The most vulnerable unaccompanied children are girls, those under the age of 13, and orphans.

The youngest child

The Safe Passage UK charity said it had identified, in August, 387 children who could be resettled in the UK and passed this list to the Home Office.

One hundred and eighty-seven of those children could be resettled under the EU”s Dublin regulation, which allows unaccompanied refugee children to be placed in a country where they have a relative who can be responsible for their care.

The rest could be brought to the UK on the basis of an amendment to the Immigration Act, originally put forward by Lord Dubs, which requires the government to arrange for the transfer to the UK of unaccompanied refugee children from Europe.

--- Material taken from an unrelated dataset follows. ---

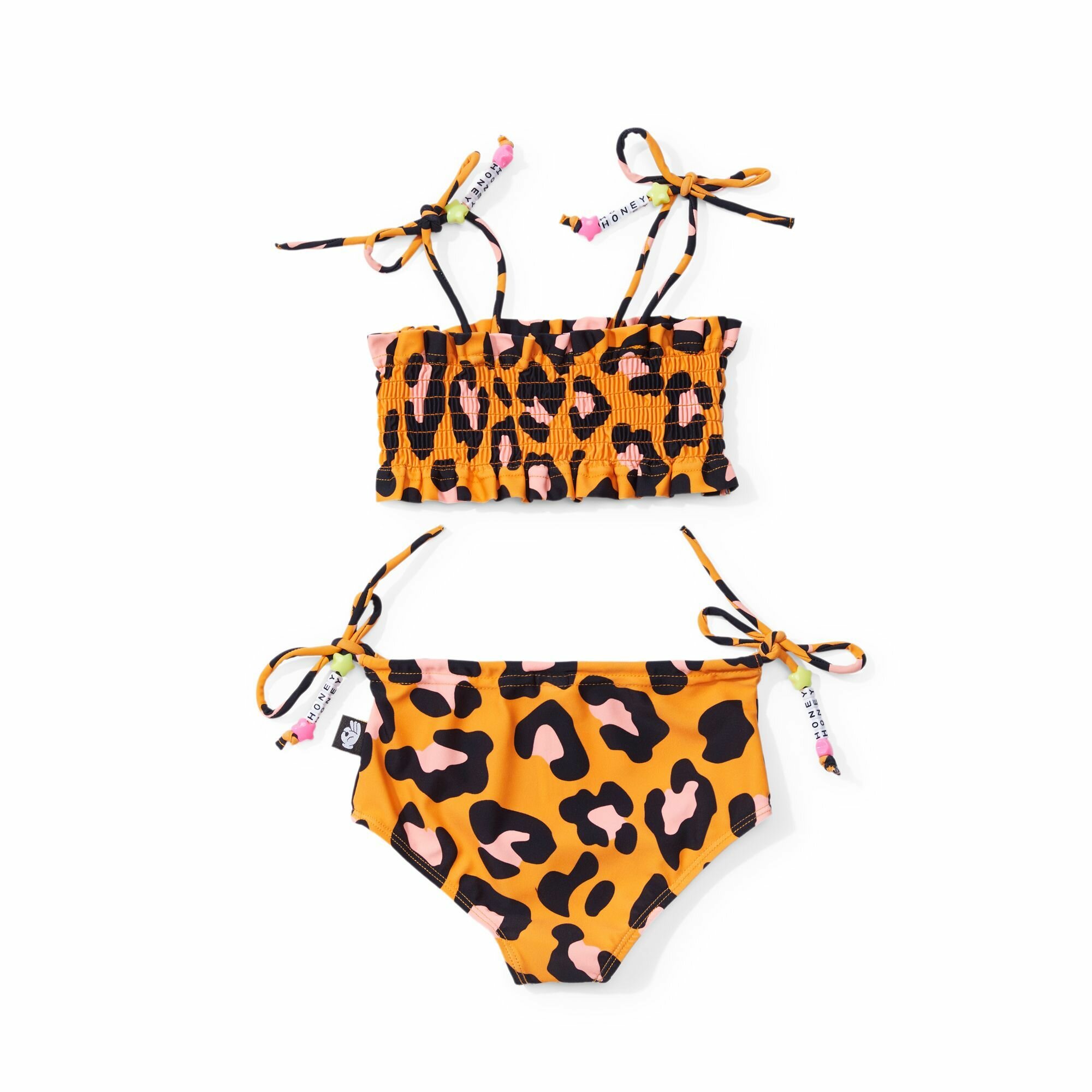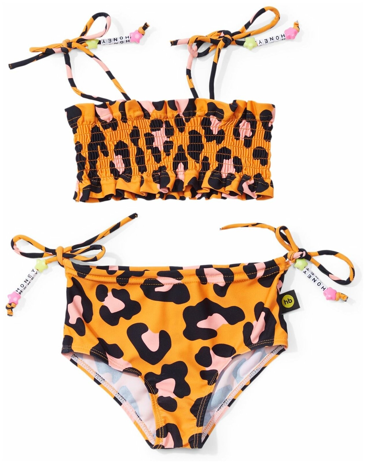 Купить 50666, Купальник раздельный для девочек Happy Baby, купальник детский, двухпредметный: лиф купальный, верх и плавки с защитой от солнца UPF 50+, солнцезащитный, леопардовый, рост 80-86

On the charity”s August list, the youngest child was eight years old, but the majority of them were between 14 and 17.

Difficult to assess

Children seeking asylum have to first apply for asylum in France, and then the claim can be transferred to the UK if they have relatives here.

It is not always easy to assess the claims. While some of the children, especially those who have come from Syria, have some of their identity documents with them, many do not.

The Home Office says it has identified more than 80 unaccompanied children who have been accepted for transfer to the UK from France under the Dublin regulation and nearly all of whom have now arrived in the UK.